* Work instruction
Restate the following entries exactly. Keep the pictures out.

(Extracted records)
┌──

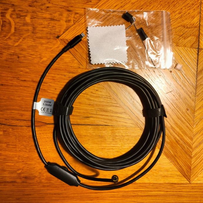 Prodam popolnoma novo še zapakirano endoskopsko kamero. kamera ima 5m kabla za snemanje v težko dostopnih mestih. Priključi se na apple telefone preko mini usb adapterja.
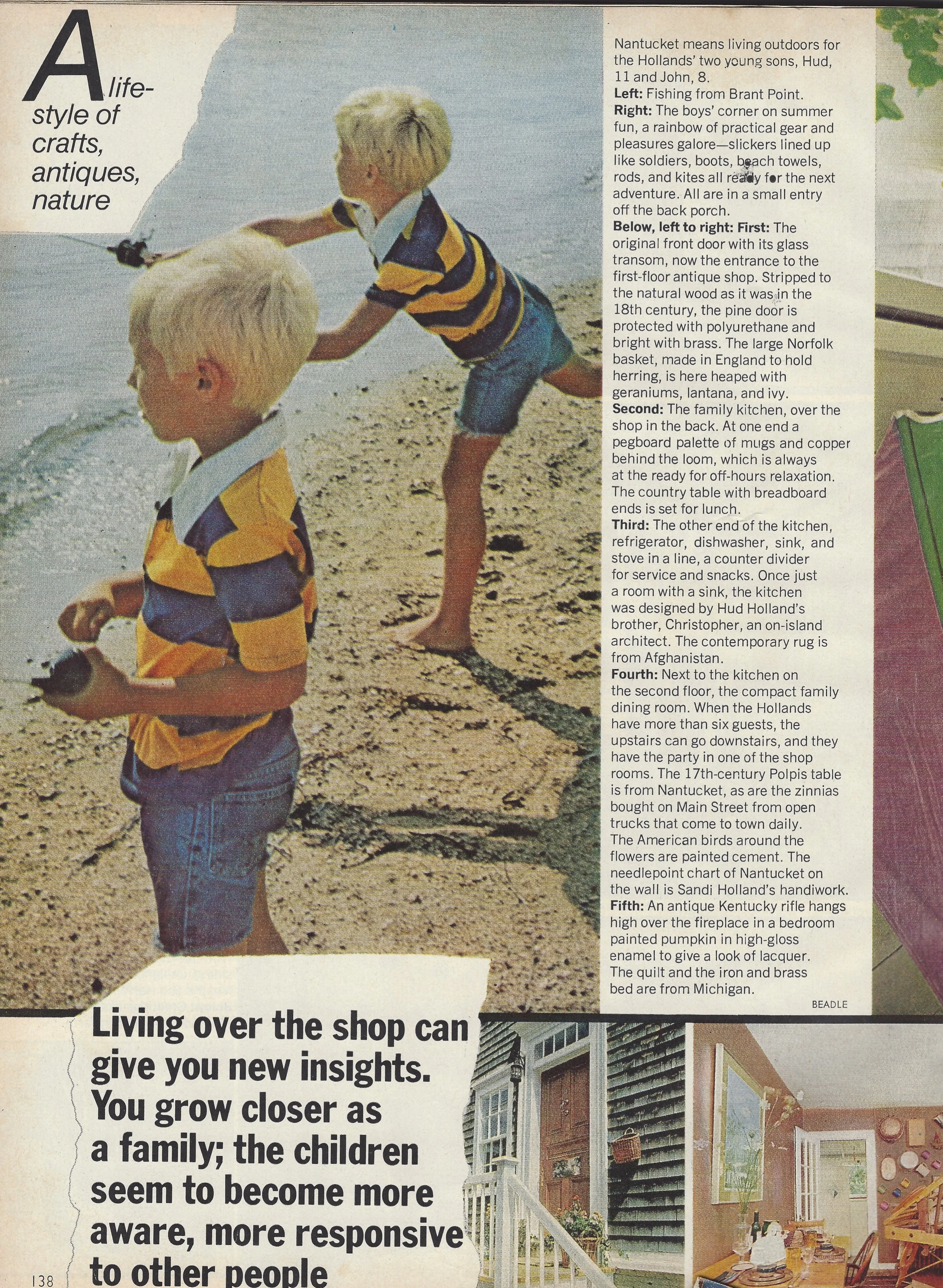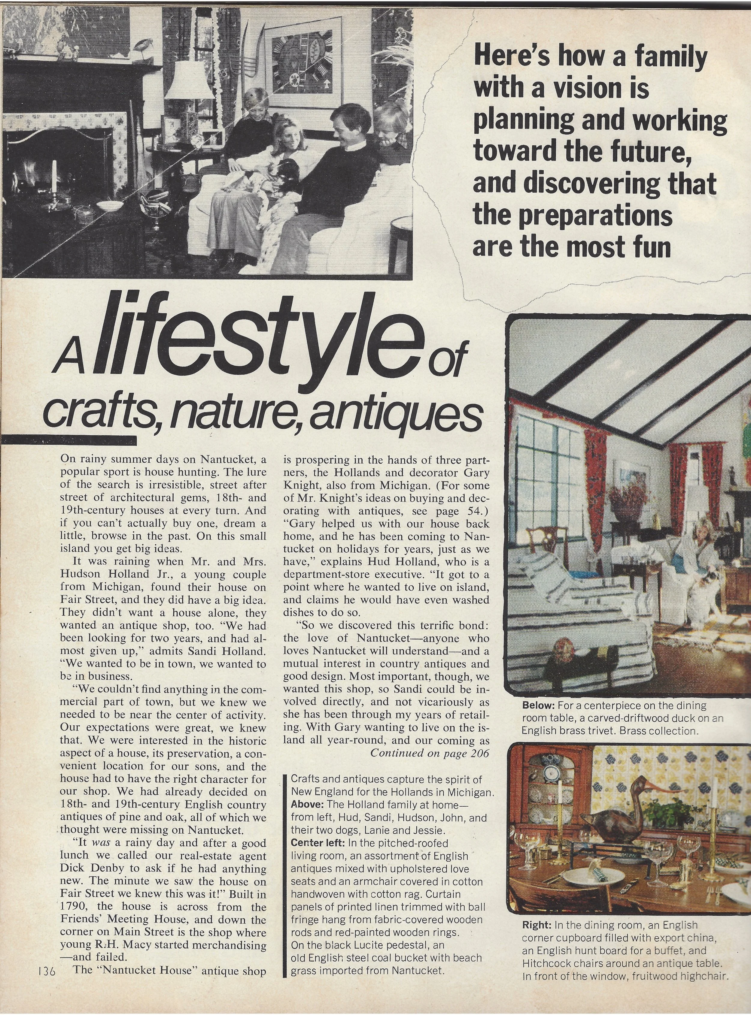 In 1973, department store executive Hudson “Huddy” Holland and his designer wife, Sandi opened a small antique shop on the first floor of 8 Fair Street in what was then the remote, un-trendy island of Nantucket. In 1978, they made a wholesale move from suburban Michigan to Nantucket with their two young boys. Nantucket House Antiques and Interior Design soon set up shop at 2 South Beach Street, where it still resides and established itself as the first design firm of its kind on Nantucket.
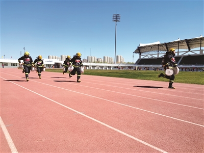 当天,来自朝阳消防救援支队各街乡、政府企业专职队、微型消防站的160余名选手同场竞技,在墙壁消火栓出水、原地着装佩戴空气呼吸器、灭火器灭真火、百米障碍救助、佩戴空气呼吸器400米跑等8个竞赛项目激烈角逐。现场还进行了在北京市职业技能大赛以及自防自救力量比武竞赛中获奖科目的展示。
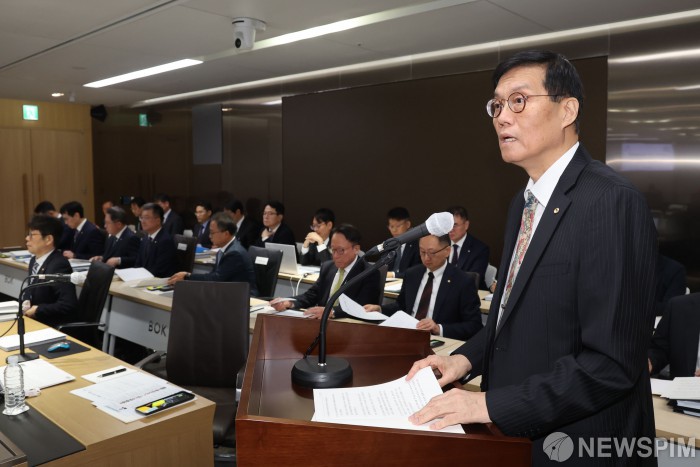 [서울=뉴스핌] 김학선 기자 = 이창용 한국은행 총재가 20일 오전 서울 중구 한국은행에서 열린 국회 기획재정위원회의 한국은행에 대한 국정감사에서 업무보고를 하고 있다. 2025.10.20 yooksa@newspim.com
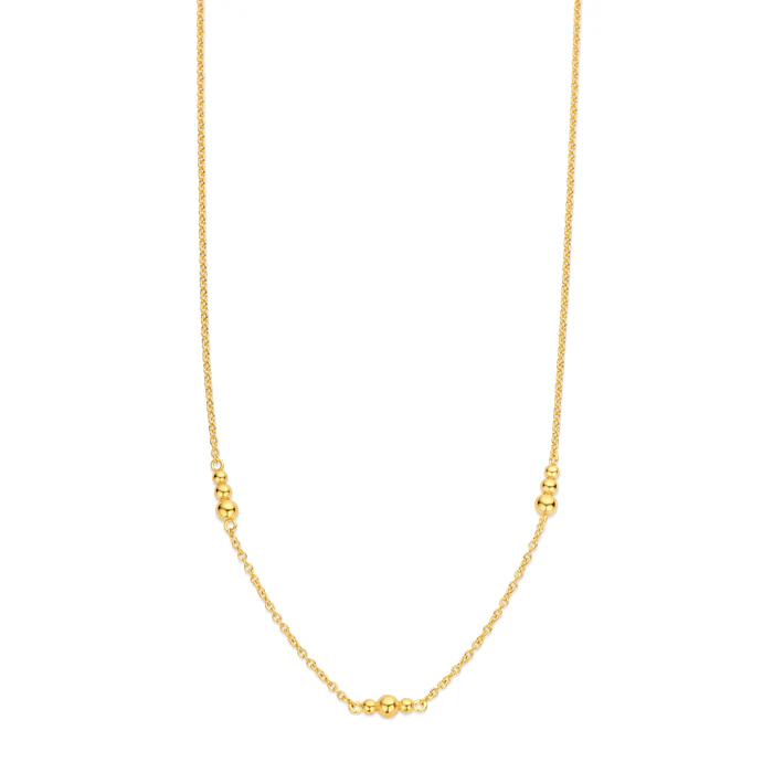 Die schlichte und schöne Regitze Halskette ist mit drei wunderschön geformten Kugeln in Fortsetzung gestaltet, die einen stilvollen und zeitlosen Look erzeugen. Es besteht aus recyceltem 18kt vergoldetem 925er Sterlingsilber, das das minimalistische Design mit einem nachhaltigen Ansatz vereint.
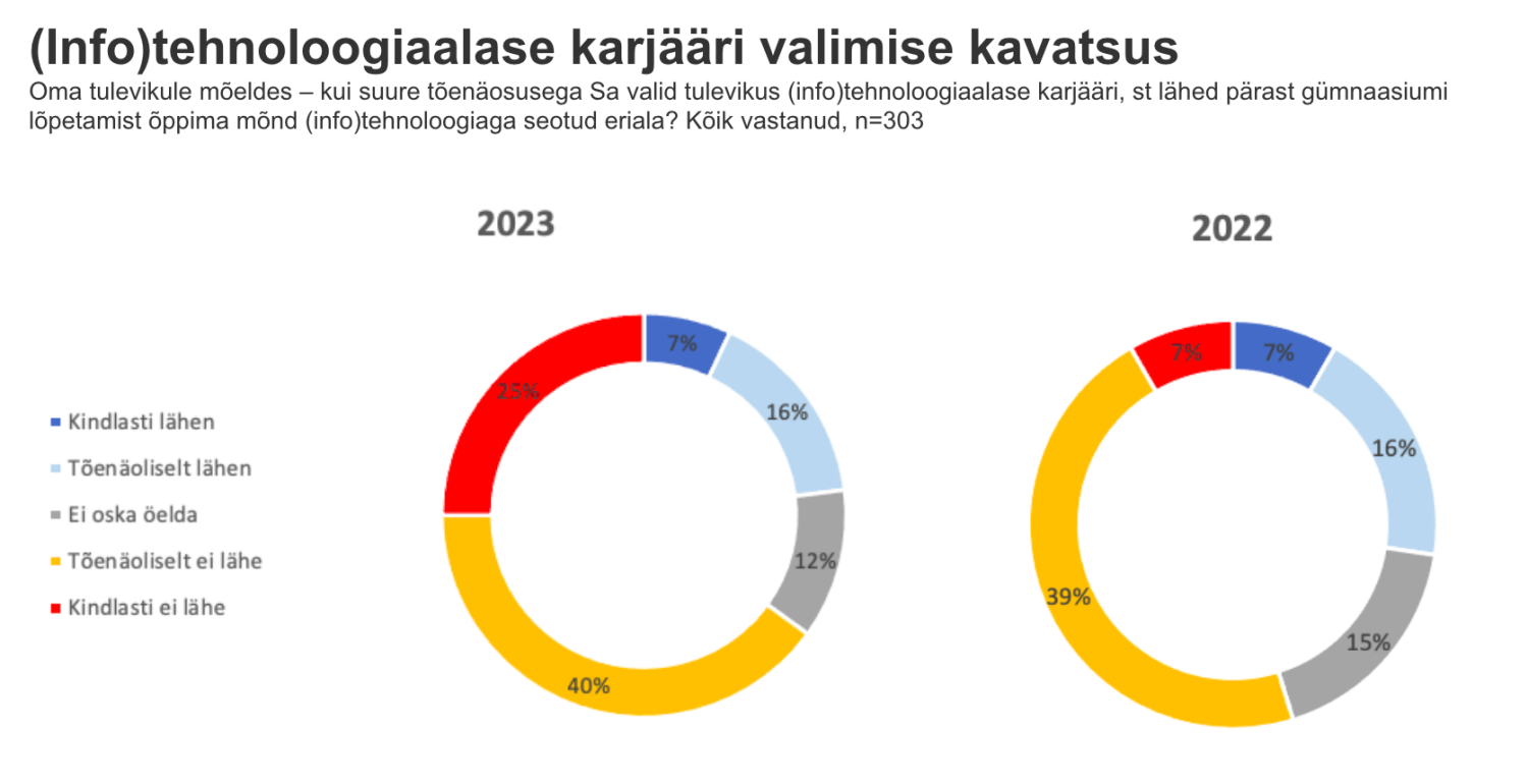 Uuring näitab, et noorte huvi (info)tehnoloogiaalase hariduse vastu ei ole aasta jooksul muutunud – endiselt väljendas 23% vastanuist selle vastu huvi, kusjuures 7% kavatseb kindlasti ning 16% tõenäoliselt jätkata õpinguid mõnel (info)tehnoloogiaga seotud erialal.

└──

* Expected output
 Prodam popolnoma novo še zapakirano endoskopsko kamero. kamera ima 5m kabla za snemanje v težko dostopnih mestih. Priključi se na apple telefone preko mini usb adapterja.
 In 1973, department store executive Hudson “Huddy” Holland and his designer wife, Sandi opened a small antique shop on the first floor of 8 Fair Street in what was then the remote, un-trendy island of Nantucket. In 1978, they made a wholesale move from suburban Michigan to Nantucket with their two young boys. Nantucket House Antiques and Interior Design soon set up shop at 2 South Beach Street, where it still resides and established itself as the first design firm of its kind on Nantucket.
 当天,来自朝阳消防救援支队各街乡、政府企业专职队、微型消防站的160余名选手同场竞技,在墙壁消火栓出水、原地着装佩戴空气呼吸器、灭火器灭真火、百米障碍救助、佩戴空气呼吸器400米跑等8个竞赛项目激烈角逐。现场还进行了在北京市职业技能大赛以及自防自救力量比武竞赛中获奖科目的展示。
 [서울=뉴스핌] 김학선 기자 = 이창용 한국은행 총재가 20일 오전 서울 중구 한국은행에서 열린 국회 기획재정위원회의 한국은행에 대한 국정감사에서 업무보고를 하고 있다. 2025.10.20 yooksa@newspim.com
 Die schlichte und schöne Regitze Halskette ist mit drei wunderschön geformten Kugeln in Fortsetzung gestaltet, die einen stilvollen und zeitlosen Look erzeugen. Es besteht aus recyceltem 18kt vergoldetem 925er Sterlingsilber, das das minimalistische Design mit einem nachhaltigen Ansatz vereint.
 Uuring näitab, et noorte huvi (info)tehnoloogiaalase hariduse vastu ei ole aasta jooksul muutunud – endiselt väljendas 23% vastanuist selle vastu huvi, kusjuures 7% kavatseb kindlasti ning 16% tõenäoliselt jätkata õpinguid mõnel (info)tehnoloogiaga seotud erialal.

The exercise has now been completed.